Okay, nobody else has had anything else to say about it....
At 11% approval rating for congress I expect a lot of incumbents to be given the bums rush.
National approval ratings for Congress do not equate
at all to local/state-level election results. Sub-25% approval ratings for Congress are nothing new, but then, neither is the 80-90% incumbency rate. Start looking at individual Representative's and Senator's approval ratings exclusively among their constituents, and the tapestry of Congressional upheaval you've woven in your mind will unravel.
Remember that the power-switch in Congress in 2006 took twelve years, and the Republican Revolution of 1994 was an affair that took four-decades to come to fruition. Ousting Ted Stevens took over forty years, and he wasn't actually voted out, despite being one of the most reviled characters in the Senate.
All politics are local, even if the polls you read are not. In Knoxville, you will find that Jimmy Duncan, Lamar Alexander, and Bob Corker are revered for appropriating federal dollars to worthy projects in the Second Congressional District and Tennessee as a whole. It's those other 532 bastards who are wasteful porkbarrel spenders, who need to be hefted out of their seats in Congress with a prybar. Replace names of people and places as appropriate for whatever locality you are in or researching.

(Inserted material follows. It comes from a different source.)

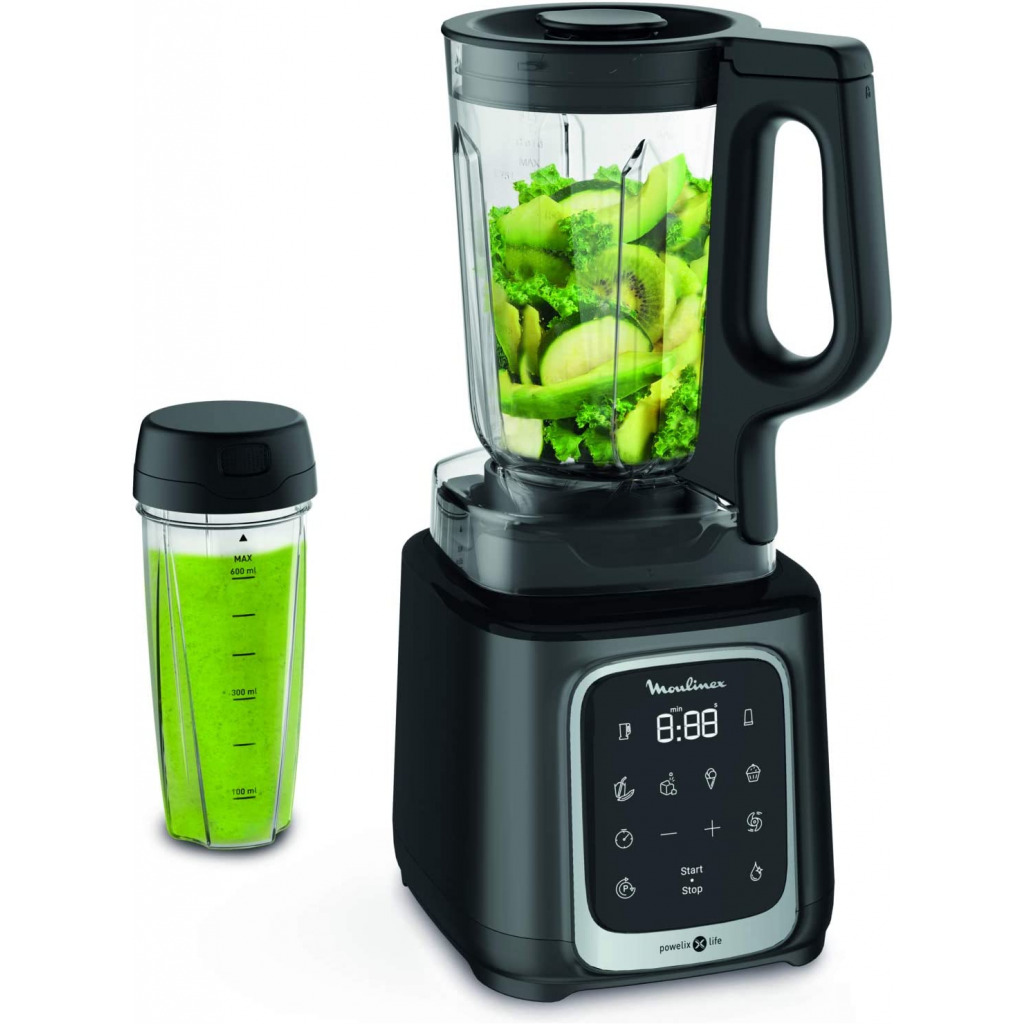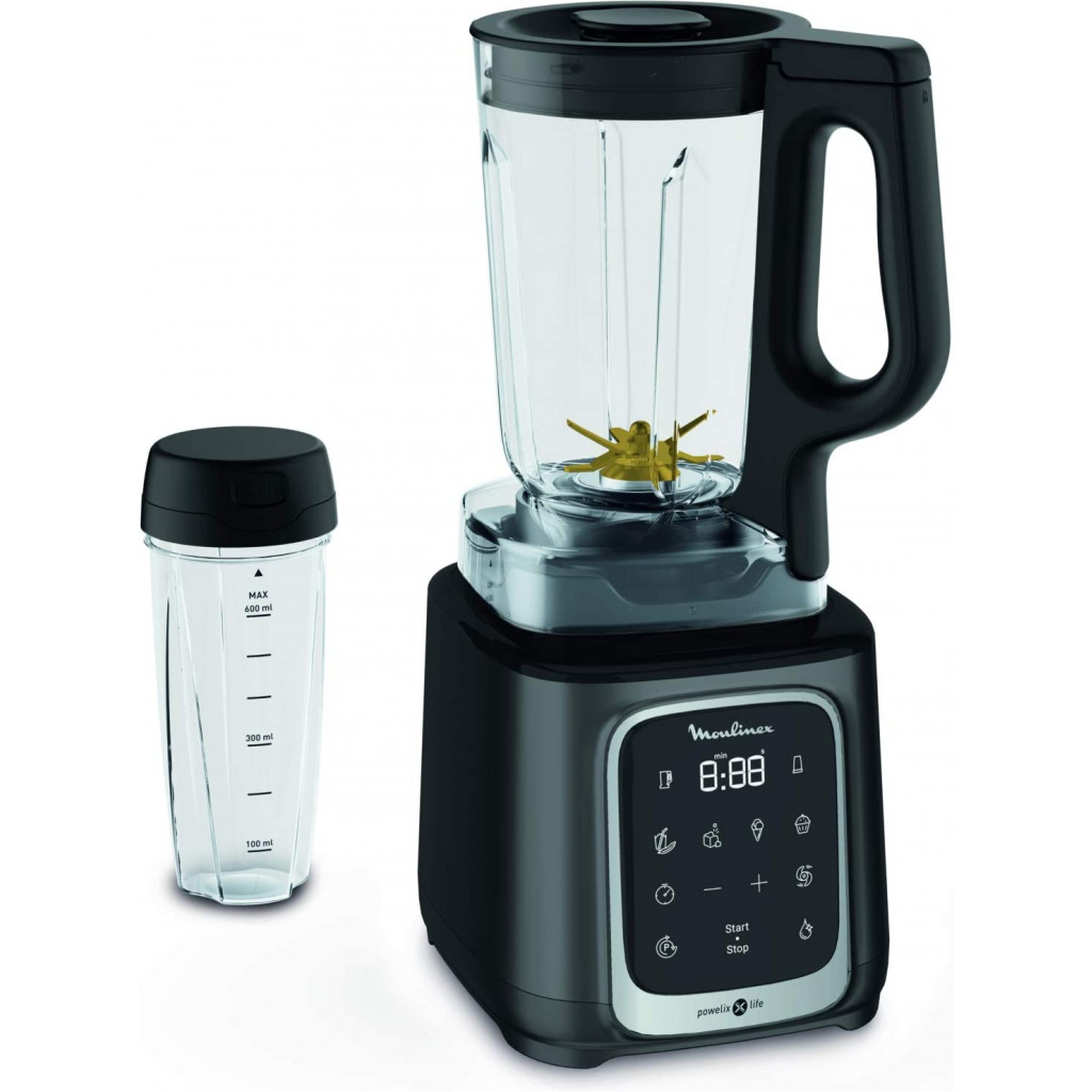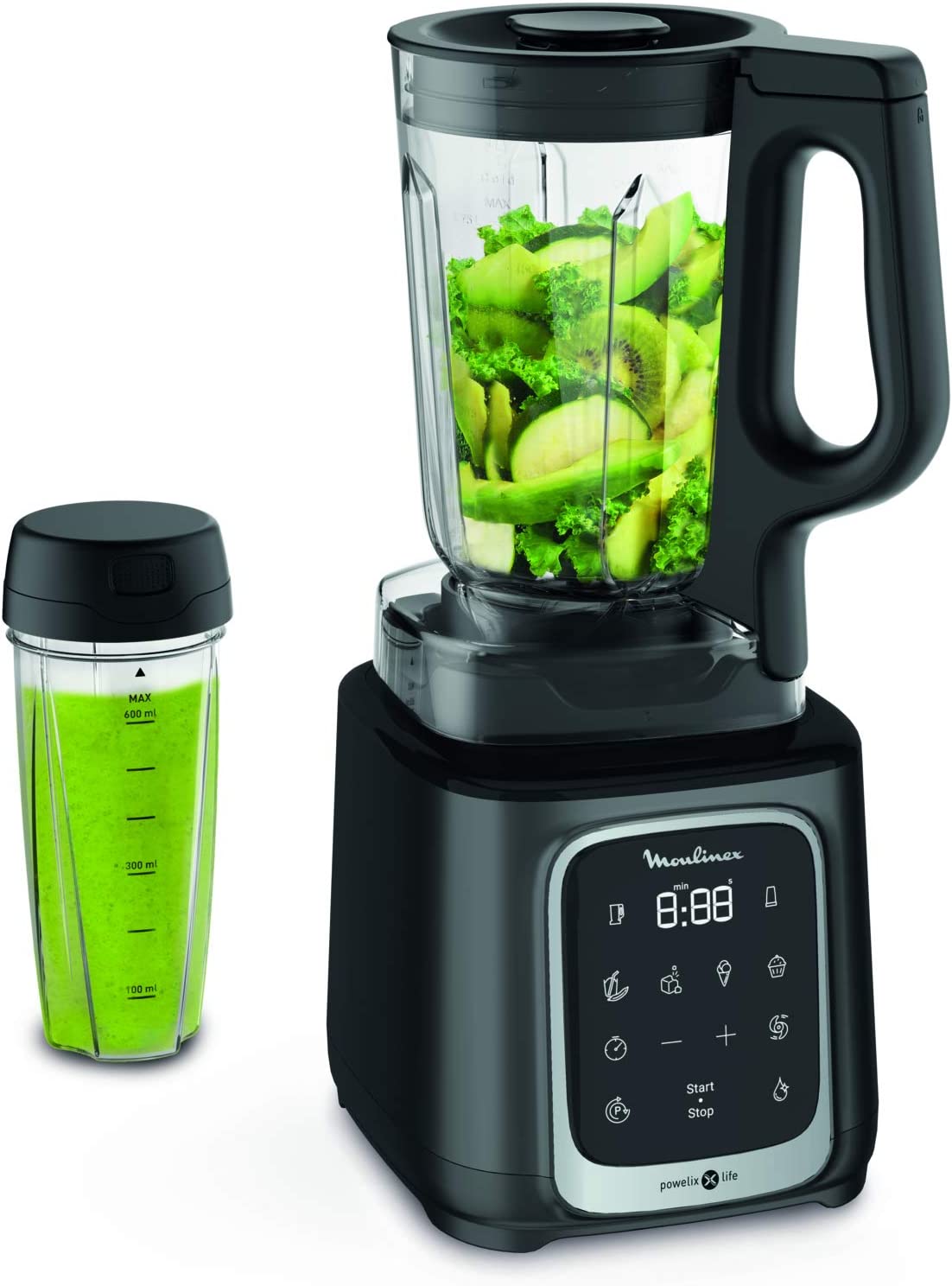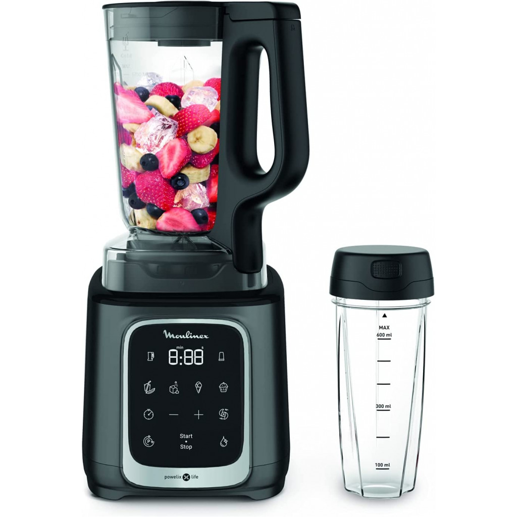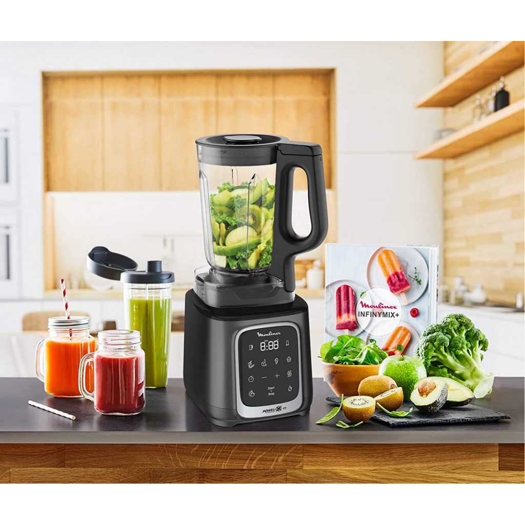 Moulinex Infinymix+ 1.7 Litre High Speed Blender With 600 ml Travel Cup, Powelix Life Pro Blades, 5 Auto Programs, 1600 Watts, Tritan Jar, Black, Lm91Hd27 Enjoy infinite possibilities!! The InfinyMix+ High-Speed Blender offers an endless variety of smoothies and shakes blended to perfection, with an included recipe book to unlock your full creativity. Master over fifty different recipes—with healthy and delicious ideas for any occasion—and achieve ultimate smoothness with 5 easy-to-use automatic programs as well as manual settings. Key Features: Moulinex Infinymix+ 1.7 Litre High Speed Blender With 600 ml Travel Cup, Powelix Life Pro Blades, 5 Auto Programs, 1600 Watts, Tritan Jar, Black, Lm91Hd27 Recipe book: a high-speed blender including “from smoothie to desserts,” a recipe book featuring over fifty healthy and delicious recipes, with perfect ideas for any occasion Easy controls: flawless results are ensured with the choice of manual speed/time control and 5 different auto programs Exceptional smoothness: up to 50x smoother results produced through the combination of a high-speed 1600w motor that reaches up to 35,000 rpm and high-quality blades High-performance blades: exclusive powelix life blade technology offers extreme durability day after day, offering sharpened blades enhanced with a titanium coating, large capacity & compact design: generous portions are within reach with a high capacity 1.75 l tritan jar, while the compact design saves maximum space in the kitchen Smoothies anywhere: experience total satisfaction anywhere, with a convenient 600 ml tritan travel cup for delicious drinks on the go

It's a round-about and not-altogether-ethical way to do it, but Volkswagon factories and bridges to nowhere buy a lot of votes in a reelection bid, so the incumbency rate stays high. A Hoosier doesn't see the benefits of a tax-break to Volkswagon for building a factory in Tennessee or an appropriation to build multimillion-dollar bridges to remote Alaskan islands, so people in Indiana disapprove of these appropriations. People in Kentucky disapprove of these appropriations. People in Washington disapprove of these appropriations, etc., etc., etc. They feel as though they're getting screwed, even though they may be benefitting from the same kind of dubious activities on the part of their own Congressional delegation, thereby screwing everyone back.
Why does it continue? Because it's always the other 532 people on Capitol Hill at fault. Congress won't alter a system that allows its members comfortable reelection, and the rules of Congressional appropriation are governed by none but Congress. (The Supreme Court might be able to overturn a rule, if a member of Congress sued, but the problem is a lack of rules in this particular area.) The executive branch briefly demonstrated some power to curtail such spending, for the period in which the President had line-item veto authority, but that power won't be coming back without a Constitutional amendment. Would Congress draft such an amendment? Would three-quarters of the state legislatures approve it? Would anybody, save a future President even call for it, and if such a President did make that request, would it not simply be shot down as a power-grab? Key: no, no, no, yes
So Congress has built itself a brick house of incumbency, and you can huff and puff, and build a typhoon of national-level dissatisfaction, but you won't blow that house down (or strain that metaphor any harder).
For what it's worth, that's not a defense of the existing system; just a realistic look at why INTERNET RAGE® isn't going to bring it down, even on the outside chance that enough incumbents are ousted to force the majority party out. I, for one, have been voting against the incumbents of Tennessee's Congressional delegation for the last eight-ish years, but this area has been what you might call 'reliably red' since about the time the Civil Rights Act got passed.
tl;dr - All politics are local, and career politicians write laws to extend the length of their careers.